Avant tout: Dracula est un roman épistolaire. Il se compose d'extraits de journaux intimes, de lettres, de coupures de presse et de télégrammes. J'ai lu fort peu de romans épistolaires, mais c'est un genre que j'apprécie et Bram Stoker fait scandaleusement fort avec le sien. Difficile de comparer avec l'autre chef d'œuvre du genre, les Liaisons dangereuses de Laclos, tellement les évènements et le style sont différents, mais on est dans les deux cas en plein chef d'œuvre.
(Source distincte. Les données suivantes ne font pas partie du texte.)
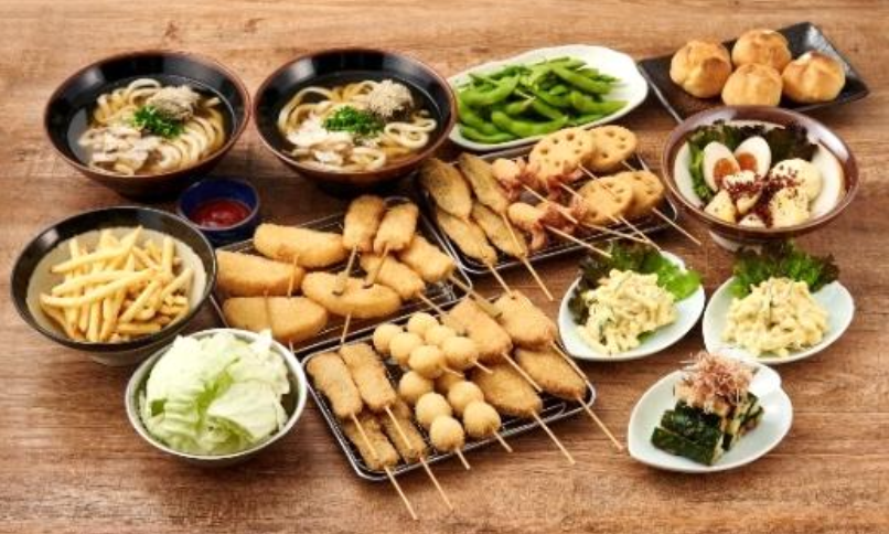 ■串カツ(7 種) 串カツ牛、串カツ豚、レンコン、玉ネギ、ハムカツ、アジフライ、タコウィンナー、うずら ■サイドメニュー キャベツ、枝豆、梅きゅうり、ポテトサラダ、 マカロニサラダカレー風味、かすうどん、ポテトフライ、ミニデザート ■デザート ミニデザート |

Chaque personnage a sa voix propre: Lucy n'écrit pas comme Mina, qui n'écrit pas comme le Dr Seward, qui n'écrit pas comme Jonathan... C'est déjà une belle réussite. Comme si cela ne suffisait pas, Stoker crée un chassé-croisé d'extraits qui reconstituent avec minutie des évènements très précis, où quelques minutes de décalage peuvent modifier beaucoup de choses. Il va jusqu'à faire basculer – en mal – la situation de Lucy en retardant la remise d'un télégramme au Dr Seward. Le message étant d'abord remis au mauvais endroit, il est déjà trop tard lorsque le destinataire le reçoit...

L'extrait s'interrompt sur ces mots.